Published 9:33 am Tuesday, July 12, 2005

By Staff
There are mistakes and then there are monumental gaffs that will be remembered for a lifetime.
The latter was the case this weekend when word came out that the Olympics will be without baseball and softball starting in 2012.
Are you kidding me?
With the exception of soccer and basketball I cannot think of two sports that are more universal than baseball and softball.
Apparently the committee in charge of such things feels that the sports are "too American."
Give me a break!
Yes, the United States has dominated in softball since it was admitted as a sport in 1996.
But baseball has been dominated by Cuba, not the United States since it was introduced back in 1992.
In fact, America has won just one Gold Medal in Olympic competition in baseball.
Softball is a huge sport in several parts of the world.
Two that jump immediately to mind are Japan and Australia.
Baseball is played in almost every nation on the planet.
Some believe that the president of the International Olympic Committee (IOC), Jacques Rogge, a European, is anti-American.
Rogge tried back in 2002 in Mexico City to get the two sports, plus the modern pentathlon eliminated.
Rogge already seems to be back peddling.
In his announcement that the sports were eliminated after the 2008 Beijing Games, he said they were eligible to get back into the Olympics after the London Games.
Baseball and softball are the first Olympics sports cut since polo in 1936.
There are five sports on a waiting list to replace baseball and softball.
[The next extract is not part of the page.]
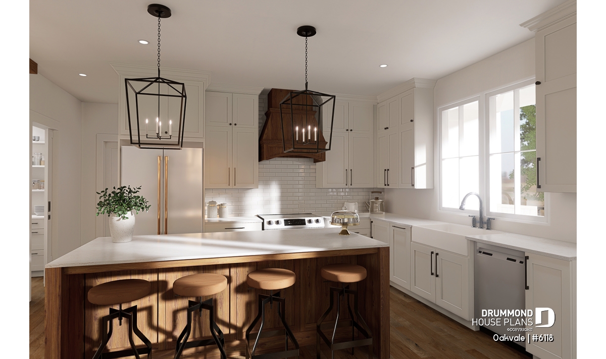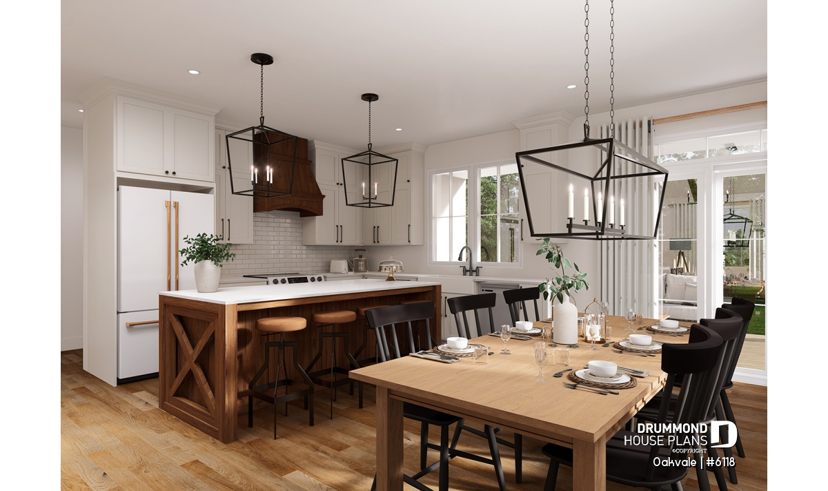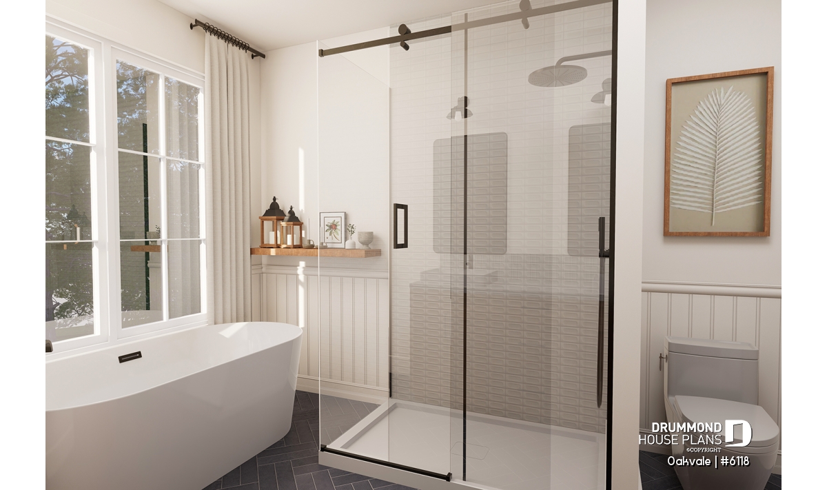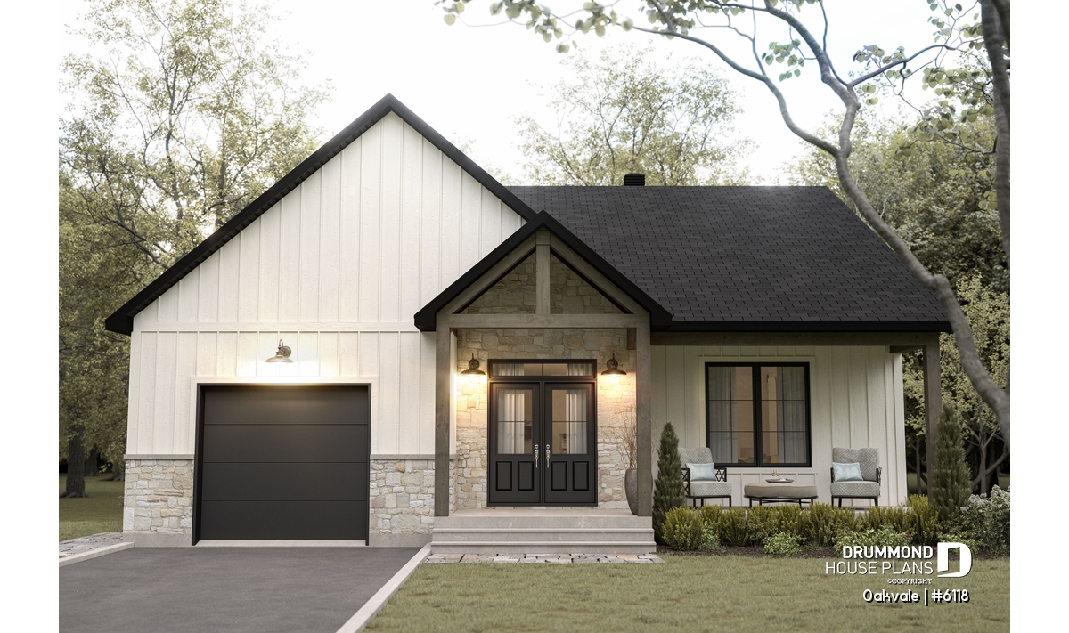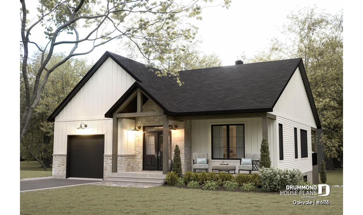 The OAKVALE house plan (#6118) offers 1398 sq. ft. on the ground floor and a 400 sq. ft. garage. A finished basement proposal is also illustrated (option on plan $) if you want to increase the space available to your family. Many foundations options are available.

They are golf, rugby, squash, karate and roller sports.
Those sports will certainly draw a crowd - NOT!
Don Porter, president of the International Softball Federation was quoted over the weekend that he didn't want to say it is a anti-United States sentiment, but he did point out that baseball and softball are both native to America.
The pentathlon survived based on the fact that it has been around since the first modern games in 1896, and the fact that it had European support.
It's a shame that the Olympics has lost its way. When professional athletes were allowed into the games over a decade ago, I lost interest in them.
Now it seems that the International Olympic Committee is only interested in making that almighty dollar.
It has been suggested that a tougher drug policy and using Major League Baseball players would help bring baseball back to the Olympics.
Too bad softball doesn't have a professional sports league that can provide "big-money" to the IOC.